Namun, apabila tindakan konservasi insitu tidak berhasil, maka dilakukan tindakan konservasi eksitu, yaitu dengan melakukan kegiatan penangkaran yang hasilnya 10 persen harus dikembalikan ke alam (restocking).
''Jadi tidak benar kalau penangkaran burung dilarang. Justru kita ingin mengatur dan menertibkan, agar terdata dengan lebih baik jumlah populasi habitat aslinya di alam,'' jelas Wiratno.
''Sehingga pemerintah bersama masyarakat bisa memastikan kembali bahwa alam ada penghuninya, dan penghuninya itu tidak hanya ada di penangkaran,'' tambahnya.
Terlebih lagi melalui Peraturan Pemerintah No. 8 Tahun 1999, turut mengatur mekanisme bagi publik bisa memanfaatkan jenis tumbuhan dan satwa liar termasuk penangkaran dan pemeliharaan untuk kesenangan.
Penangkaran selama ini, kata Wiratno, telah banyak membantu pemerintah dalam pelestarian dan penyelamatan hewan dilindungi.
Contohnya penangkaran di habitat semi alami Taman Nasional Bali Barat, dan di tujuh kelompok masyarakat yang ikut membantu melestarikan curik Bali, telah menjadi bukti bahwa penangkaran berperan dan berhasil mencegah kepunahan.

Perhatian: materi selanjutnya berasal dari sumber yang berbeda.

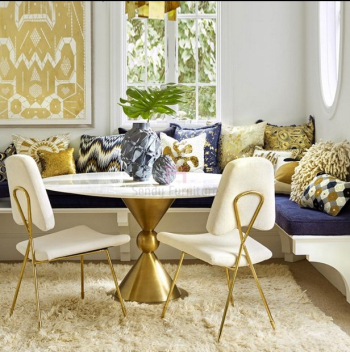 This chair's feet is made by solid stainless steel and designed like the arrowhead design. The seat and back filed by high-denstiy sponge and comfortable velvet.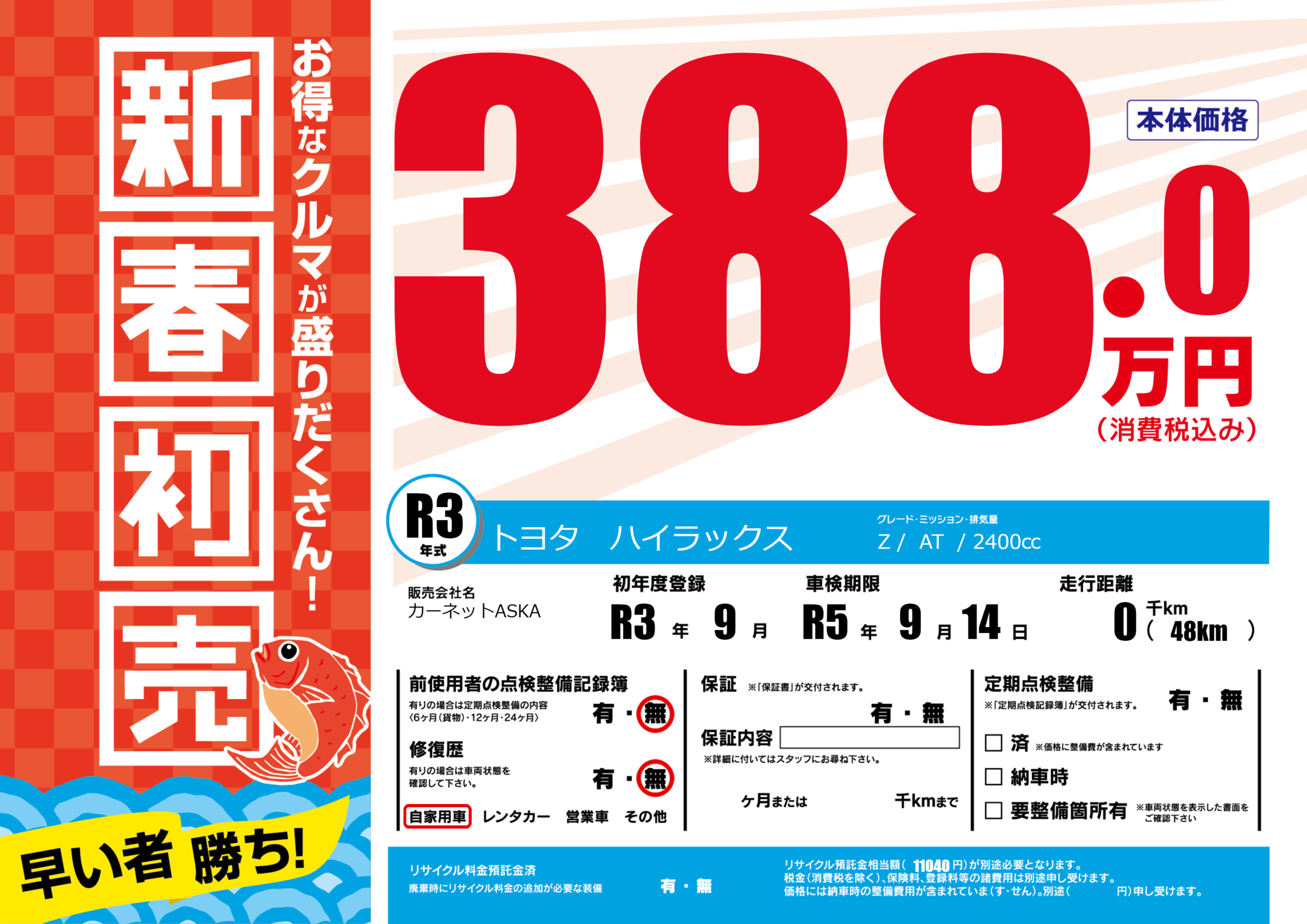| 車名 | トヨタ ハイラックス | グレード ミッション 排気量 |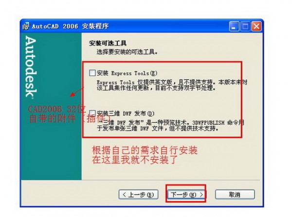 8、CAD2006 32位中文版的插件(附件)的安装根据自己的需求选择安装 确定后点击“下一步”继续操作
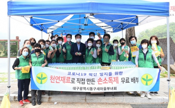 대구 동구 새마을부녀회(회장 장경숙)는 사회적 거리두기 2단계가 연장된 가운데 코로나19 위기극복 노력에 발맞춰 17일 봉무공원 일대에서 직접 제작한 손소독제 2,000개를 무료로 배부하는 행사를 실시했다.

''Namun, begitu tetap harus ada kewajiban kita menjaga habitatnya di alam. Satwa liar yang hidup di penangkaran atau di kandang, tentu tak akan sama dengan yang benar-benar hidup di alam. Keseimbangan inilah yang harus kita jaga dengan melindunginya. Inilah alasan utama Permen 20 lahir,'' ungkap Wiratno.